**The problem**
Starting at the first line of the records and stopping at the line that contains "夏も真っ盛り!江戸遊の8月イベントカレンダーです🌞", transcribe every line exactly and leave out the pictures.

**Extracted records**

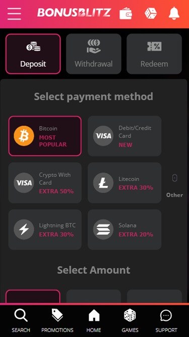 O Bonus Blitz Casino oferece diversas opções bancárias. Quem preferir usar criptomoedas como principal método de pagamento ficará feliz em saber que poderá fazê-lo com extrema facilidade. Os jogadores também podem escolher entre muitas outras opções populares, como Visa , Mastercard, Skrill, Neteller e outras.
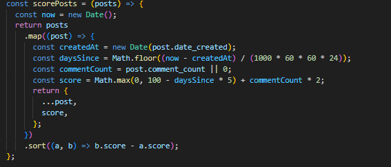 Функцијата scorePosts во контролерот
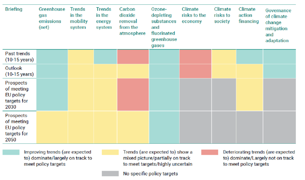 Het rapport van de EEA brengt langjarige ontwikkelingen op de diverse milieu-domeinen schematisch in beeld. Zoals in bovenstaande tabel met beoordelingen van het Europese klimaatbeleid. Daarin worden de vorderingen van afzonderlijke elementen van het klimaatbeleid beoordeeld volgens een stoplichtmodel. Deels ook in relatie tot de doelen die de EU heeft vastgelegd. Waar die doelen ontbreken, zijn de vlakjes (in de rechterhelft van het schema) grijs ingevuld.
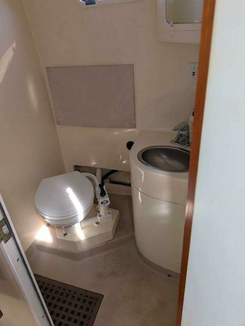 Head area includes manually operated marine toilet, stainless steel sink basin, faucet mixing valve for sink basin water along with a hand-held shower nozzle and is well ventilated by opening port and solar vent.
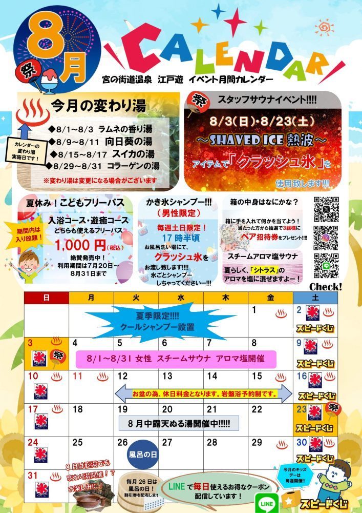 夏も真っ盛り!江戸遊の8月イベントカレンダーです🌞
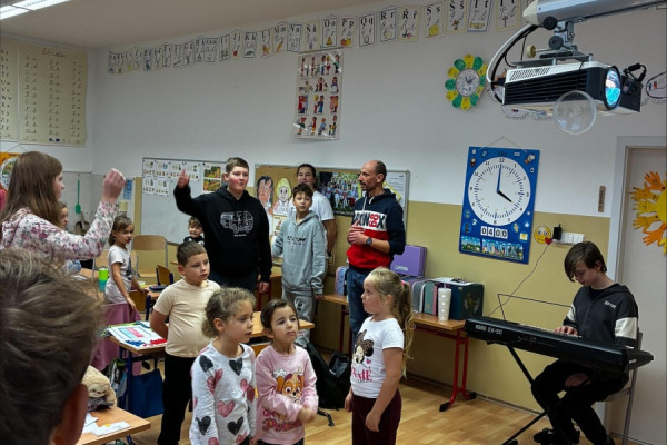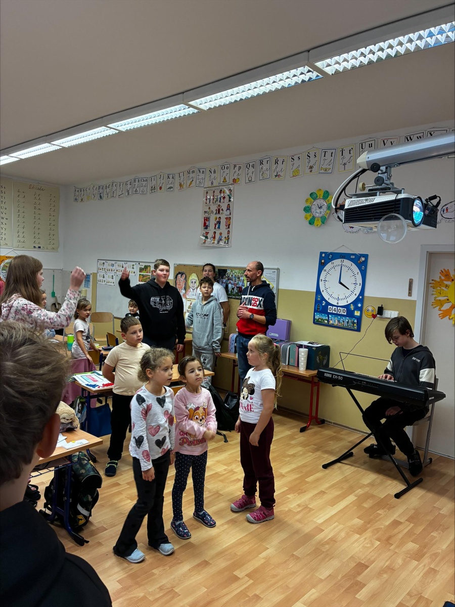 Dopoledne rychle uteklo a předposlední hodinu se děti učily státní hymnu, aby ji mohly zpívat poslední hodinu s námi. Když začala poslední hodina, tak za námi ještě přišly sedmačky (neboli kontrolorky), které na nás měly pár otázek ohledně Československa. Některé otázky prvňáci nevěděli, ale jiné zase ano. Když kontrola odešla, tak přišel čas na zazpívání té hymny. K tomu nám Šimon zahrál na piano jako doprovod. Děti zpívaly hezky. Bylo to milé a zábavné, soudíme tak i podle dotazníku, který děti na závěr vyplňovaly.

**Exercise answer**
 O Bonus Blitz Casino oferece diversas opções bancárias. Quem preferir usar criptomoedas como principal método de pagamento ficará feliz em saber que poderá fazê-lo com extrema facilidade. Os jogadores também podem escolher entre muitas outras opções populares, como Visa , Mastercard, Skrill, Neteller e outras.
 Функцијата scorePosts во контролерот
 Het rapport van de EEA brengt langjarige ontwikkelingen op de diverse milieu-domeinen schematisch in beeld. Zoals in bovenstaande tabel met beoordelingen van het Europese klimaatbeleid. Daarin worden de vorderingen van afzonderlijke elementen van het klimaatbeleid beoordeeld volgens een stoplichtmodel. Deels ook in relatie tot de doelen die de EU heeft vastgelegd. Waar die doelen ontbreken, zijn de vlakjes (in de rechterhelft van het schema) grijs ingevuld.
 Head area includes manually operated marine toilet, stainless steel sink basin, faucet mixing valve for sink basin water along with a hand-held shower nozzle and is well ventilated by opening port and solar vent.
 夏も真っ盛り!江戸遊の8月イベントカレンダーです🌞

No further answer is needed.